Please take the records that follow and repeat exactly the lines starting with the line with "Flak 152x258x38 cm" and going on through the line with "YTM Tunku yang".
[Opening Provided data section]
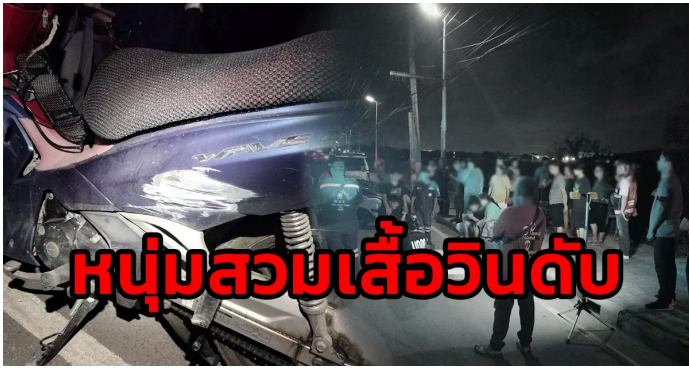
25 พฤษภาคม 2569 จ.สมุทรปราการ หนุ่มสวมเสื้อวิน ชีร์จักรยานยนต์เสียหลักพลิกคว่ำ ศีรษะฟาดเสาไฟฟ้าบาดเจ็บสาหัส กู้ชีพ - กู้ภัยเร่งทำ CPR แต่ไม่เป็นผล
[Closing Provided data section]
[Opening Provided data section]
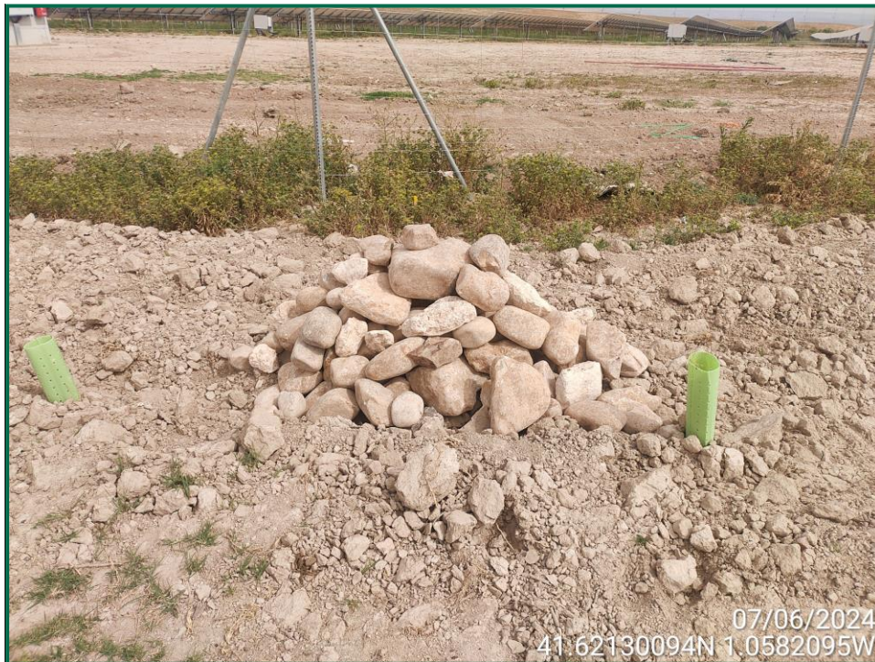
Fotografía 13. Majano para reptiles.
[Closing Provided data section]
[Opening Provided data section]
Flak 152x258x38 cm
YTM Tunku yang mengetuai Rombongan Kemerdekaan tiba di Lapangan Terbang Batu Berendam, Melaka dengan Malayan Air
[Closing Provided data section]
**Solution for this task:**
Flak 152x258x38 cm
YTM Tunku yang mengetuai Rombongan Kemerdekaan tiba di Lapangan Terbang Batu Berendam, Melaka dengan Malayan Air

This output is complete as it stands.